|Individual, church response crucial to alleviating poverty||| Print ||
By Carla Wynn Davis
ATLANTA-Breaking the cycle of poverty begins with taking seriously the Bible, people in need and the church's call to respond. And speakers reminded participants at a Baptist gathering that addressing poverty isn't optional for Christians and churches who are serious about following Christ.
These ideas, along with motives and models for alleviating poverty, were explored by panelists Jan. 31 during the "Breaking Cycles of Poverty" special interest session at the Celebration of a New Baptist Covenant in Atlanta.
"I have begun to wonder whether we can follow Jesus without addressing poverty," said Tom Prevost, who works with the Cooperative Baptist Fellowship's rural poverty initiative in 20 of the poorest U.S. counties. "I'm not even sure it is possible."
Citing the example of Jesus and the biblical mandate to care for the poor, panelists urged individual and church responses to poverty.
Individuals can help alleviate poverty by working in impoverished neighborhoods, by forming relationships with impoverished people or by urging elected public representatives to support legislation that reduces poverty, Prevost said. Individuals can also motivate their churches to act on behalf of poor people.
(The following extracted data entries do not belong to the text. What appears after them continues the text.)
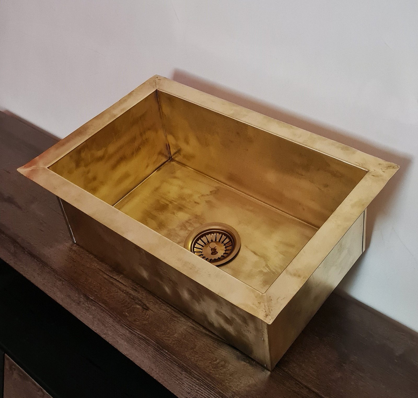 20″ x 17″ x 10″ Solid Brass Sink – Unlacquered Brass Kitchen Sink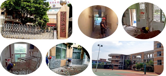 河滨小学教学楼抗震加固工程为我司中标项目,位于东莞市寮步镇,包含ABCD栋四栋建筑,均为钢筋混凝土框架结构。工期为48天,我司于7月10日顺利进程施工,该项目属于公共设施建筑,因此工地的安全、文明、设备围护等工作尤为重要并且涉及工序较多且很多相互交叉,且施工工种较多,如:混凝土结构以及钢构件的拆除(柱加固、梁加固、板加固等工种);并需在暑假结束前顺利完工,工期十分紧,但在我司领导以及周密的施工计划安排已顺利完工!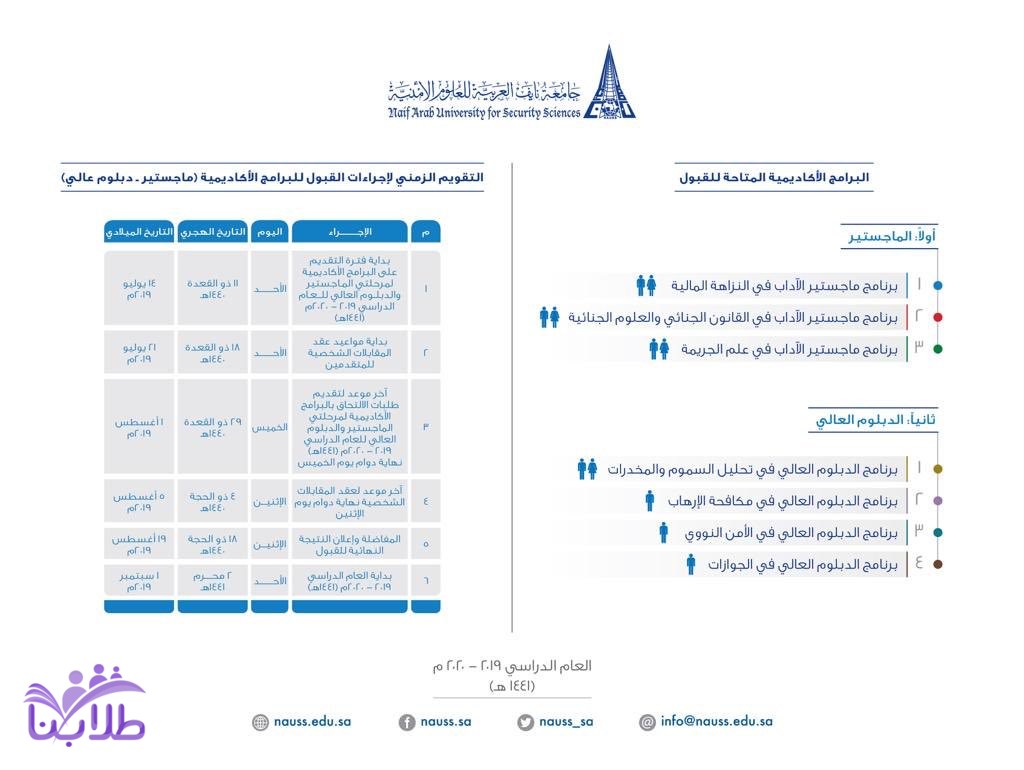 أعلنت جامعة نايف العربية للعلوم الأمنية عن مواعيد التسجيل للجنسين في البرامج الاكاديمية ( الماجستير والدبلوم العالي ) للعام الدراسي 1441هـ.

"Responding [to poverty] is something at the very heart of what it means to be a congregation," said Diana Garland, dean of Baylor University's School of Social Work. "It's the responsibility of every Christian. There's nobody who is exempt. We're all called to respond to the needs of our neighbors. We're never exempt."
The importance of addressing poverty and social justice must be preached and taught in churches, Garland said. It must engage all members of the congregation, whether they assemble baskets of food at Christmas or form a relationship with someone struggling to financially survive.
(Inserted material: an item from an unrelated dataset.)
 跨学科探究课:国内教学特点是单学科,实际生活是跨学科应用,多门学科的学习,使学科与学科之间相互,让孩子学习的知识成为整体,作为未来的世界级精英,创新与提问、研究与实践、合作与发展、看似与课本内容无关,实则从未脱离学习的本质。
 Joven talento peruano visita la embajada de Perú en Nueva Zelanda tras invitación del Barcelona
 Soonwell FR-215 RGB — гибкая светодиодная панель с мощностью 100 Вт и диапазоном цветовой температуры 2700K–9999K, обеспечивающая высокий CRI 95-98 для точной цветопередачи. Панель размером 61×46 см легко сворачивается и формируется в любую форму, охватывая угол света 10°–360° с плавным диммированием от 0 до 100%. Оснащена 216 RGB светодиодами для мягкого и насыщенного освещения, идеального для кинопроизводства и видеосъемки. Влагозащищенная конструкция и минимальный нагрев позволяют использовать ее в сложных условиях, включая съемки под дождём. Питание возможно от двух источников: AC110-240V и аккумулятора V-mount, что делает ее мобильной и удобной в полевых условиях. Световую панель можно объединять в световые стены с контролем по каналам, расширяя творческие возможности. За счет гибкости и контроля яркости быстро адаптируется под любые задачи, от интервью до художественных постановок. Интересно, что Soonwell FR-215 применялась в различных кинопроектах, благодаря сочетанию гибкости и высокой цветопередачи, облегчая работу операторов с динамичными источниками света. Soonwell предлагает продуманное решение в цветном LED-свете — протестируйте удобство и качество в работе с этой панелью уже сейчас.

"Those one-time Christmas baskets are a great place to begin, but it's not the end. It's just the beginning," Garland said. "Encourage the move from charity to justice. Start with those one-time events and move to the longer term … move to justice."
While difficult, the move from charity to justice is possible, said Christopher Gray of FCS Community Ministries in Atlanta. Gray's ministry began with a long-term commitment to a neighborhood troubled with crime, drugs and prostitution. One way the ministry restores dignity and promotes self-sufficiency is by selling clothes at an affordable rate instead doing giveaways.
The ministry also has about 15 people living in the neighborhood to incite change from the inside out.
"We try not to minister from arm's length but rather live and serve among those who are challenged," Gray said.
In this ministry and other poverty reduction efforts, taking risks is the norm, and failure is common, Gray said, but a long-term, undaunted commitment to holistic ministry is necessary to transform communities and lives.
"You have to think long haul and determined," Prevost said. "These are not quick fixes."
Change is slow because poverty is so complex and far reaching. Often what slows individuals and churches from responding is feeling powerless and hopeless to make a change, Garland said. But the success stories from FCS Community Ministries and others are a glimmer of hope to the change one person or church can make.
"We cannot bring in the kingdom of God, but we can point to it with our action and our lives," Garland said. "We can do our best to make the way straight so … God can come in."
"It's not beyond the capability of [the people in] this room to make an incredible difference," Prevost said. "We're the ones who are supposed to be carrying our candles and rushing to the darkness."